Esteban Gutiérrez1, Suvi Haeaerae1, and Isabelle Oktay1
1 Department of Information and Communications Technologies, Universitat Pompeu Fabra
Automatic cover detection presents a significant theoretical and practical challenge in Music Information Retrieval (MIR). It plays a crucial role in maintaining comprehensive music databases due to the frequent reinterpretation of songs by different artists and the release of alternate versions by original artists. Besides aiding content organization for improved music discovery, cover song identification (CSI) also facilitates copyright enforcement and ensures proper attribution, addressing legal and ethical concerns in digital music distribution. Despite successful implementations on small datasets, scalability remains an issue, while scalable solutions often lack the required accuracy.
In this repository, two implementations of CSI algorithms are included so that the user can easily apply them in local libraries.
In order to run the code in this repository, it is necessary to have the following packages installed:
- numpy==1.26.3
- librosa==0.10.1
- matplotlib==3.8.2
- pydub==0.25.1
- pytube==15.0.0
- essentia==2.1b6.dev1110
- ipython==7.34.0
Additionally, pydub might ask the user to install FFmpeg codecs. To install them on Linux, run:
sudo apt install ffmpeg
The repository contains one folder called preamble, containing all the code necessary to run the repo, and two ready-to-run scripts that use the code inside the folder preamble. For a brief tutorial on the use of each script, see the following sections.
In this brief tutorial we will see how to use this repository to both create a dataset of songs downloaded from Youtube and then we will run the CSI algorithms to evaluate if the songs in the dataset can be classified as versions of each other.

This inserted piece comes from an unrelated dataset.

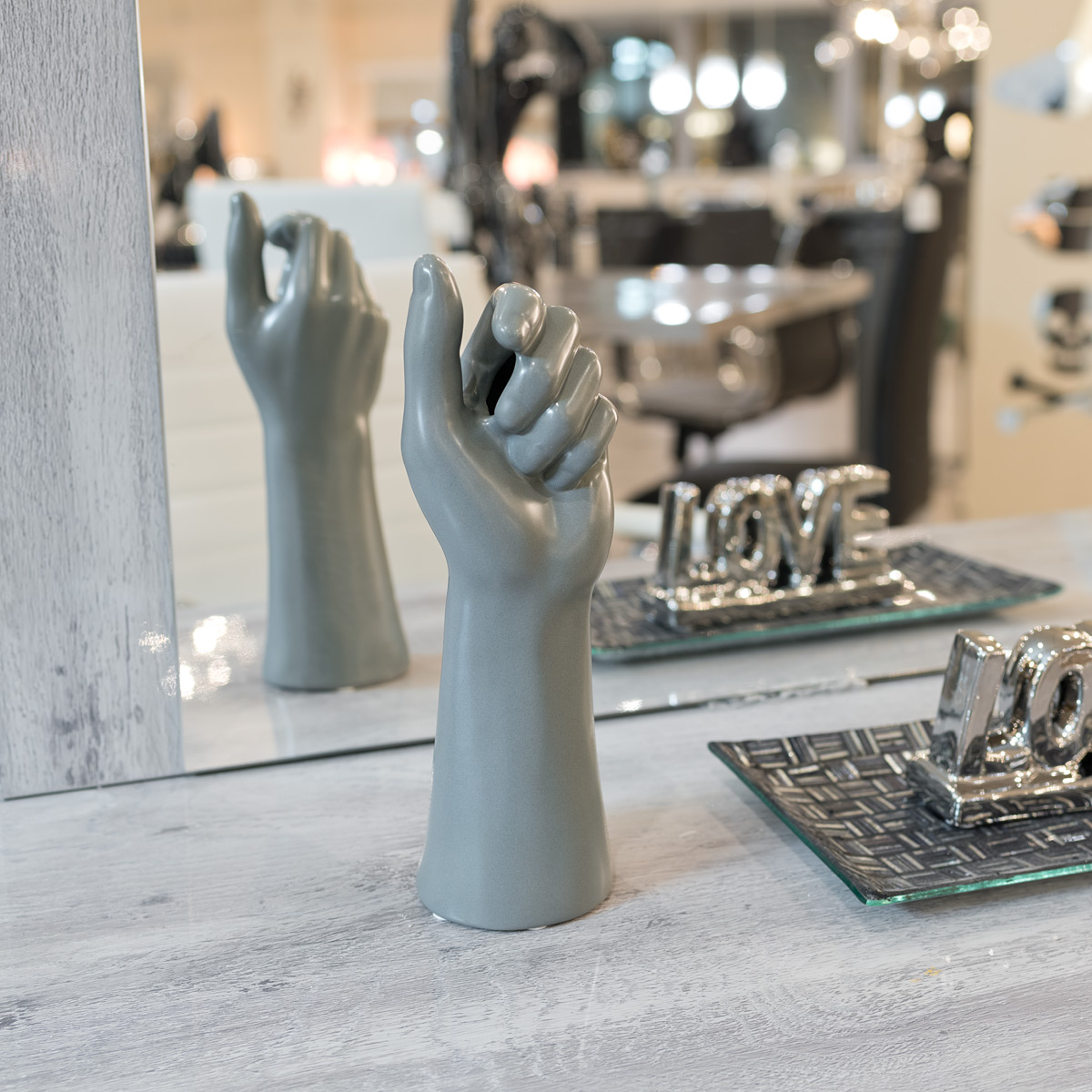 The ceramic grey hand sculpture is the perfect stylish addition to any home, it could look particularly good in a bathroom or even a study area.

The script main_dataset.py can be run to download an entire dataset from Youtube. To do that, it is necessary to first create two csv files with the following structure:
link,name,genre
link,name,genre
...
One file should contain original songs and the other one covers. In this step, it is very important that the name of the covers is the same as the originals. If you need to add extra information, you can do that in the genre.

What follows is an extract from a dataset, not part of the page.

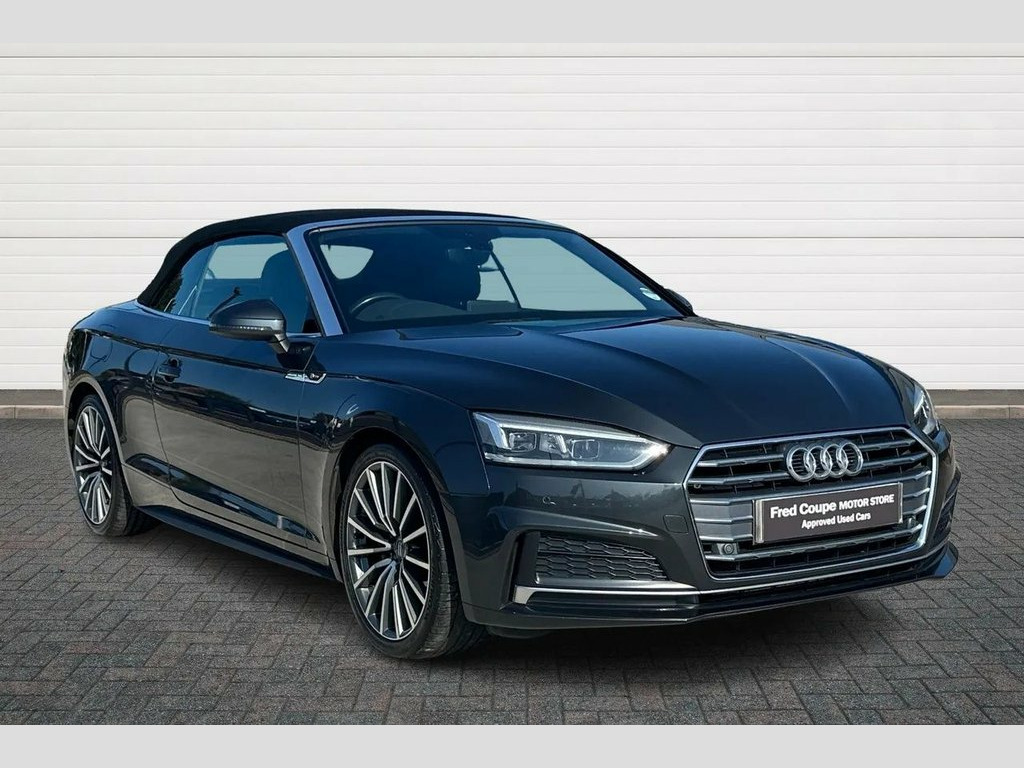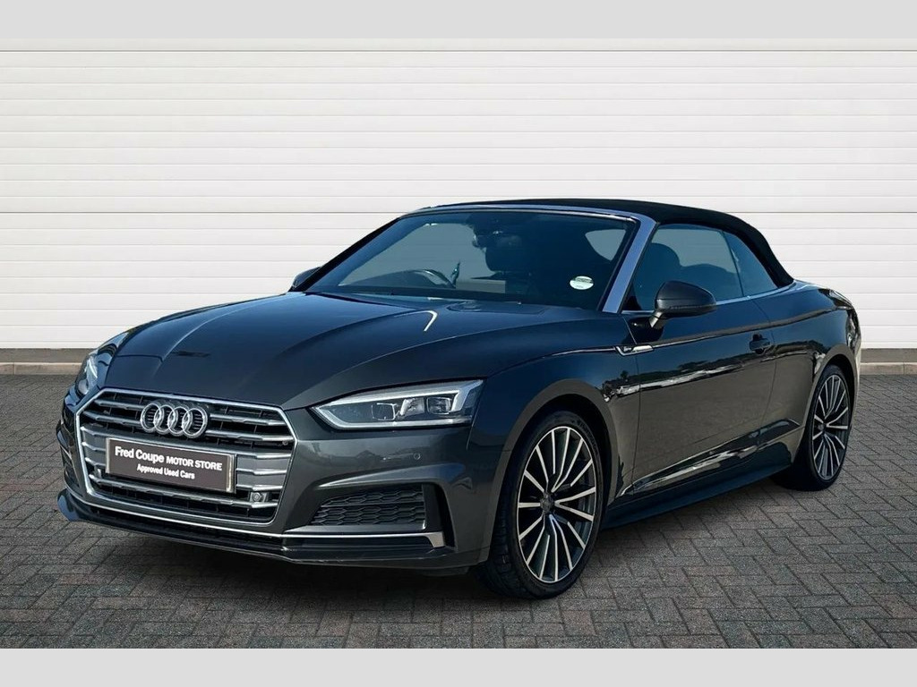 This 2017 Audi A5 Cabriolet 2.0 diesel automatic TDI S line offers exceptional provenance with a full dealership service history and Audi manufacturer approval, complemented by a remarkably low mileage of just 33,600 miles for its age. Finished in the stylish S line trim, this convertible features a responsive 2.0L diesel engine, meeting Euro 6 emissions standards and has the factory fitted Technology Pack costing £1,395 and the 19" x 8.5J 'multi-spoke' design alloy wheels with 255/35 R19 tyres costing £1,050. Experience impressive efficiency with a fuel economy of up to 61 miles per gallon, indicating how this vehicle is better than others in its class. The A5 Cabriolet also boasts a generous boot space, providing practicality alongside its open top driving pleasure. Furthermore, its low CO2 emissions highlight its environmental consideration. For those seeking performance, this Audi delivers a swift 0 to 60 miles per hour acceleration in just 8.0 seconds, demonstrating how this vehicle is better than many similar models. Fred Coupe is a NISSAN and INFINITI authorised repairer and a multiple global award winner for customer service as well as a 4th generation family business. We pride ourselves on quality, reliability, great service and good value. *Buy online, visit www.fredcoupe.co.uk * The vehicle comes with a 6 month warranty and we can deliver nationwide. We charge NO administration fee. Vehicle registered: 01/09/2017 18in Alloy Wheels - 5-Twin-Spoke Star De, 2 x USB Charging Ports and 1 x AUX-IN, 4-Airbag System, 4-Way Electric Lumbar Support, ABS - Anti-Lock Braking System, Acoustic Hood - Fully Automatic, Acoustic Soft Top - Black, Air Inlets - Horizontal Inlay in Matt Al, Anti Theft Locking Wheel Bolts, Anti-Theft Alarm, Audi Connect Infotainment Services - 3 M, Audi Connect Safety and Service, Audi Drive Select, Audi Smartphone Interface, Audi Sound System, Auto-Dimming Rear-View Mirror, Bluetooth Interface, Body Coloured Door Mirrors, CD Drive, Chrome-Plated Exhaust Trim, Cloth Headlining in Black, Colour Drivers Information System with 7, Contrast Stitching on Seats - Steering W, Cruise Control wit

Once this is done, simply run the code
python main_dataset.py
and give the paths to your csv files. This should download all the songs and save them in two folders in the directory of this repository.
You can also build the dataset with local samples. In such cases, you just have to put all the originals and the covers in different folders, making sure that the covers have the original name within their names, as in the following example:
- root
- originals
- me_haces_bien_jorge_drexler.wav
- Martin_Oh_Can't_Leave_You_Behind.mp3
- covers
- drexler
- me_haces_bien_jorge_drexler_cover_acustico.mp3
- cover_Martin_Oh_Can't_Leave_You_Behind_metal_version.wav
- drexler
- originals
Note that the inner folder organization does not really matter as long as the covers have the original name inside their names.

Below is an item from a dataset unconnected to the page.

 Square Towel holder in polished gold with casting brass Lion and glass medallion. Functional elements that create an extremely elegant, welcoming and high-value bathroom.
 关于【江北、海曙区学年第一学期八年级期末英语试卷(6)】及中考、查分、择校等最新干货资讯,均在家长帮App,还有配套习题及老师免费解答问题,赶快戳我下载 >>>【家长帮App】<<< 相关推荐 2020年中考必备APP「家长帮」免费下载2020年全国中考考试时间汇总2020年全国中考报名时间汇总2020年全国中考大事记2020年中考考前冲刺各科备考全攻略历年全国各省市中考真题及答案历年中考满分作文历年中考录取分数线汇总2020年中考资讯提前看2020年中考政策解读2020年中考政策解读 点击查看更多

Once you have already set up the dataset, you can run the algorithms by
python main_tester.py
The scores should be plotted for both algorithms by default.
The function wrapper contained in the scripts main_tester.py and main_dataset.py can be accessed through the Jupyter notebook included in this repository. There we also added some functions to display the worst and best cases for all songs analyzed.
Note: In order to display the audio clip segments that libfmp identifies as similar, set the 'PLot' value as 1.